--- Assigned task ---
Set down, please, the line that contains "42mm/RD6096LG 28mm 現代鐘錶" and every line that follows it to the end of the records, exactly; do not include pictures.

--- Dataset items ---
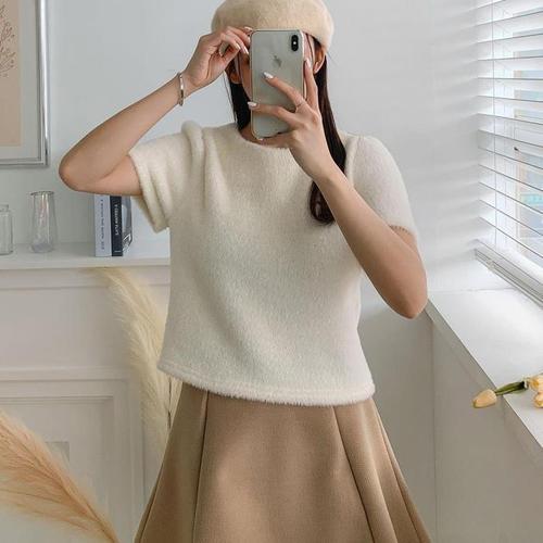[다잇템]여자 폼폼 슬림 왕골지 미색 모크넥니트 티셔츠 (11149343A)
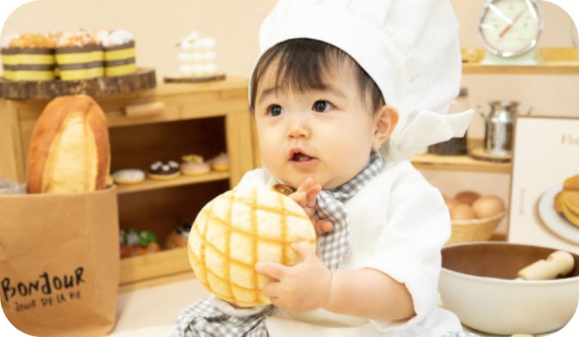 ふわふわ・もっちりのパンに囲まれたおいしそうな空間。 ボウルにバター、たまごやミルク。一生懸命な姿はパン職人そのもの。おままごとをしながら楽しく撮影ができます。オリジナルの衣装で特別なパン屋さんに大変身です!
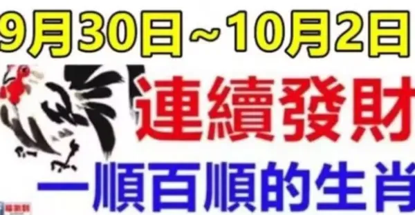 9月30日~10月2日連續發財,一順百順的生肖!
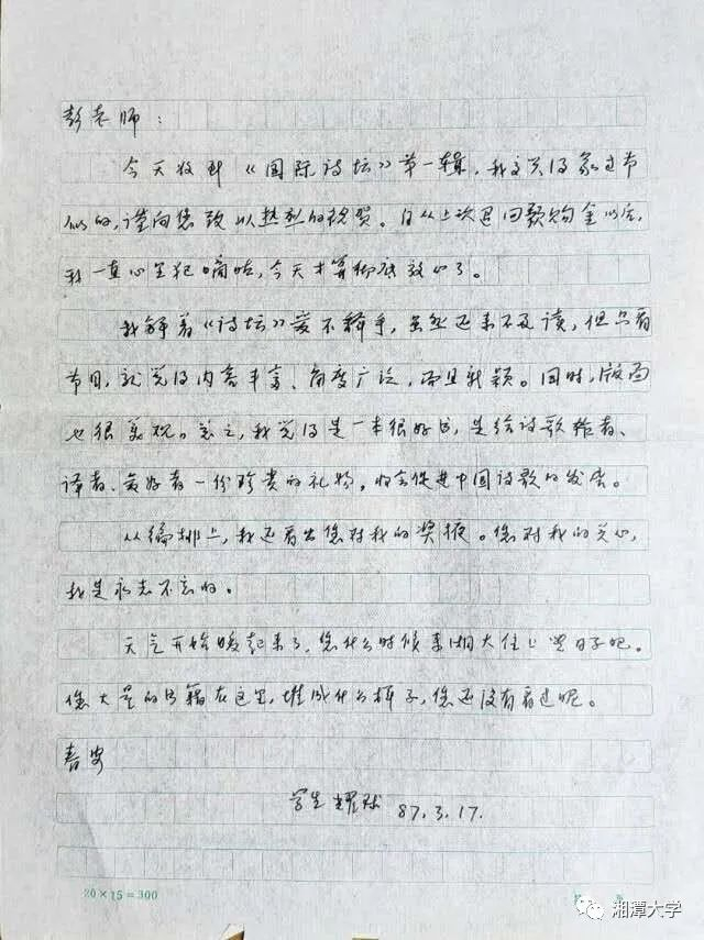 彭燕郊先生1920年9月出生于福建莆田,10多岁时离开家乡参加新四军,在严酷与苦难中淬炼成颇有影响的“七月派”诗人。他1939年开始发表作品,其诗歌创作跨越了中国新诗发展最重要的几个时期。彭燕郊先生在诗歌创作和研究、编辑出版、民间文学、教育等诸多方面取得了杰出的成就,赢得了文学界和文化界的广泛敬重。1950年,彭燕郊应湖南大学之邀来到湖南, 先后在湖南大学、湖南师范学院(今湖南师范大学)中文系任教。1955年因“胡风案”牵连入狱,1979年到湘潭大学中文系任教至1987年退休。2008年3月31日逝世于长沙。在湖南的58年里,彭燕郊先生在这片热土上播下诗歌的种子、美的种子,极大地影响了几代湖湘文化人。
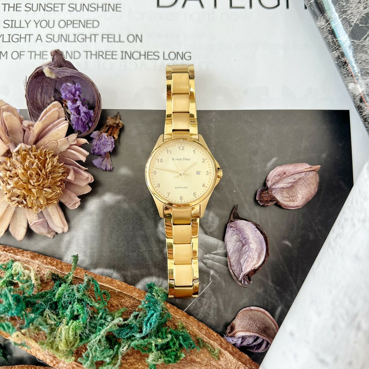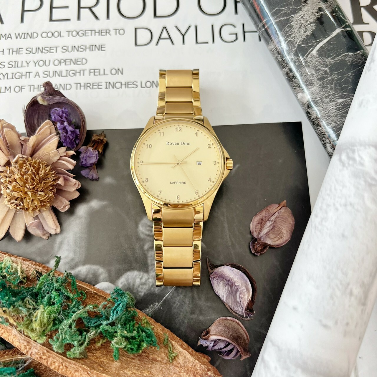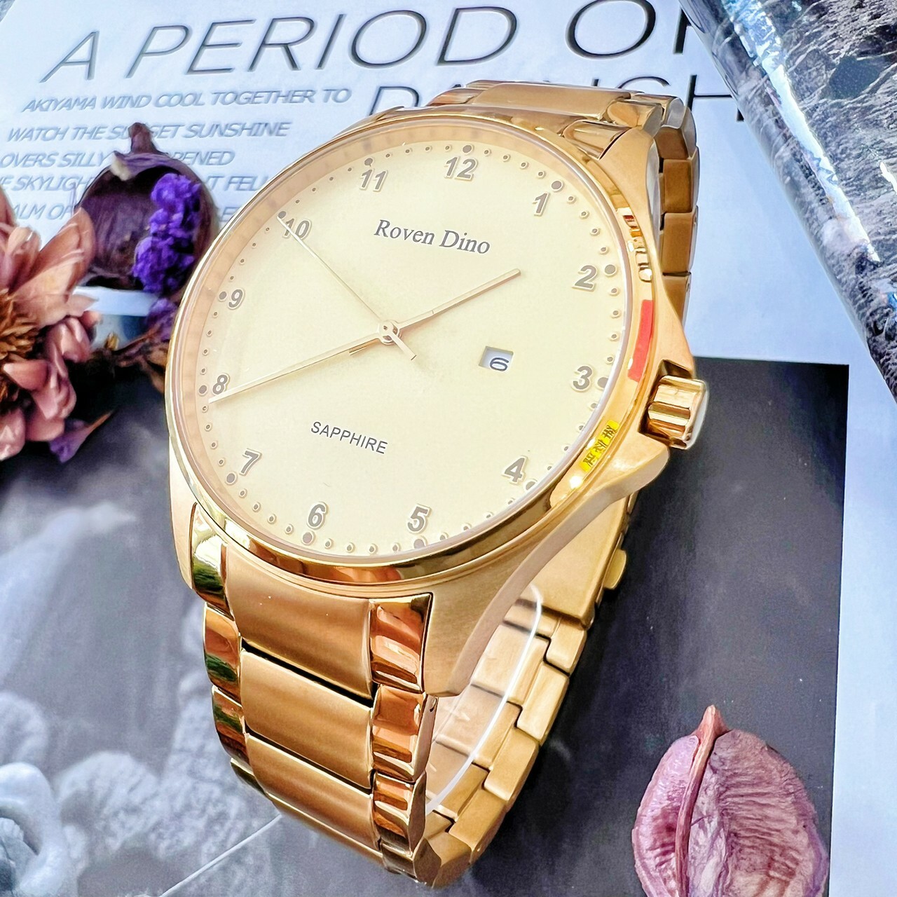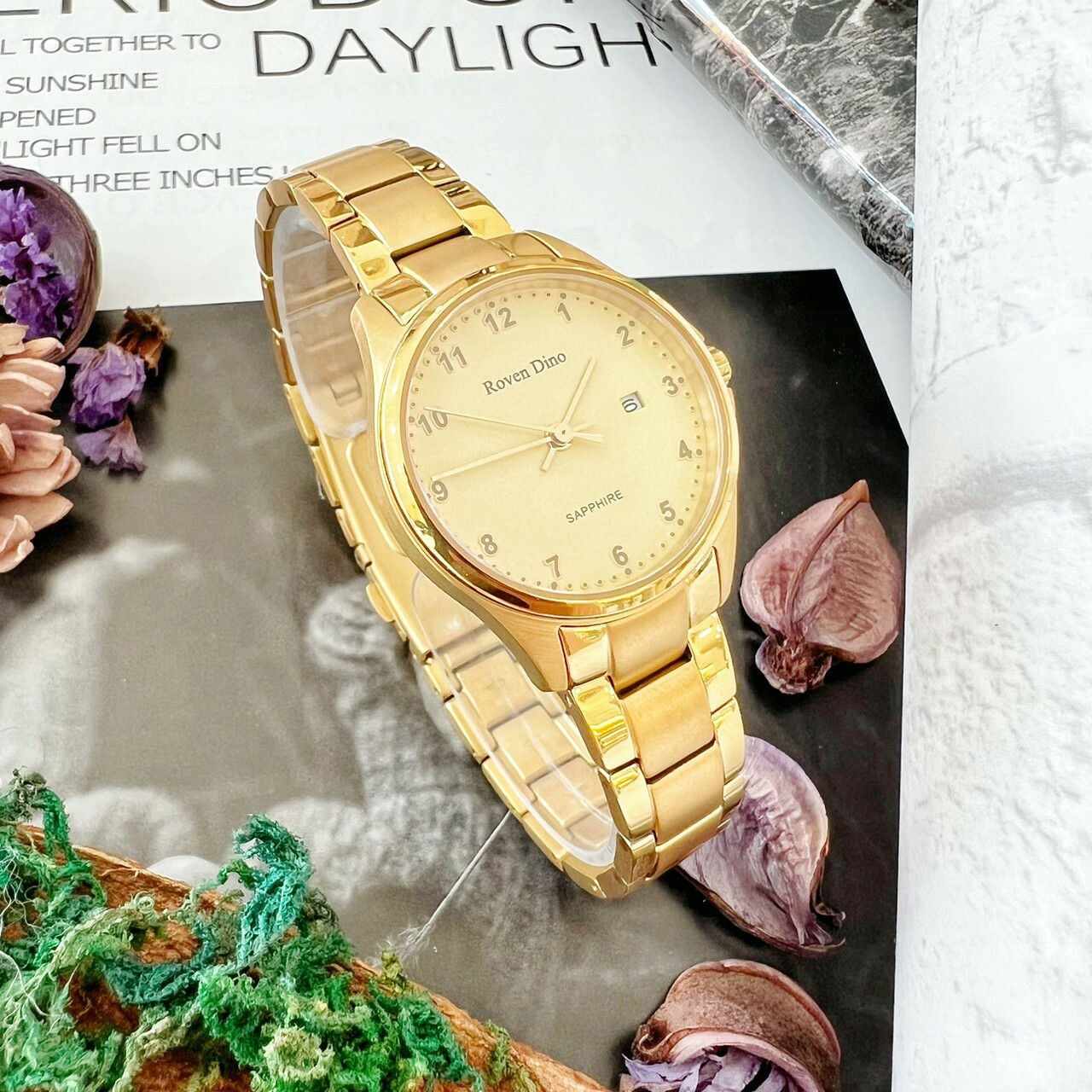 【Roven Dino羅梵迪諾】金色數字鈦金屬對錶 RD6096MG 42mm/RD6096LG 28mm 現代鐘錶
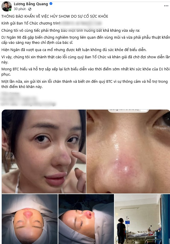 Ngân 98 thông báo khẩn hủy show vì biến chứng thẩm mỹ mũi nặng không thể biểu diễn.
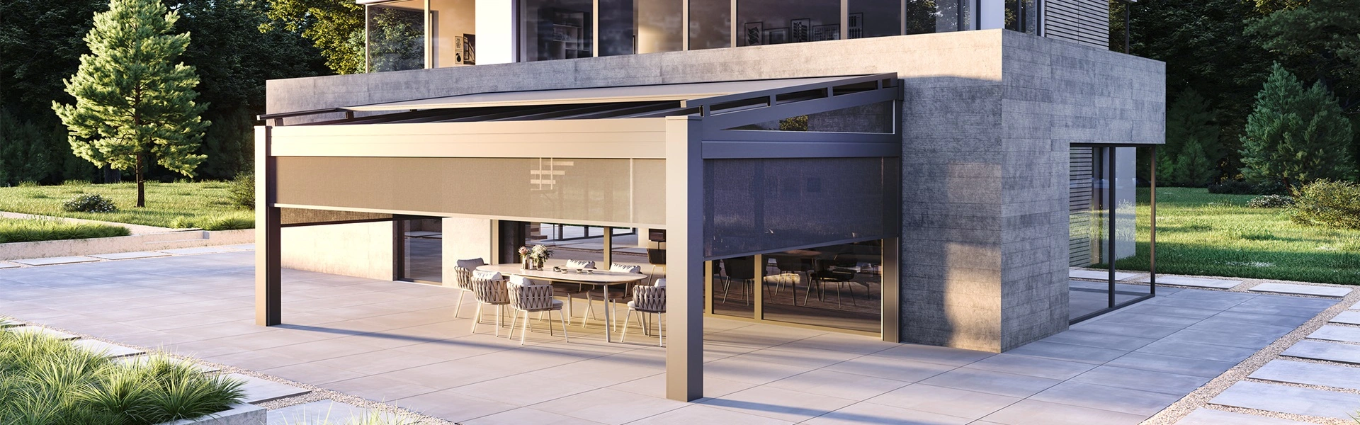 Screens die bescherming bieden tegen de laagstaande zon en nieuwsgierige blikken.

--- Answer for the task ---
 【Roven Dino羅梵迪諾】金色數字鈦金屬對錶 RD6096MG 42mm/RD6096LG 28mm 現代鐘錶
 Ngân 98 thông báo khẩn hủy show vì biến chứng thẩm mỹ mũi nặng không thể biểu diễn.
 Screens die bescherming bieden tegen de laagstaande zon en nieuwsgierige blikken.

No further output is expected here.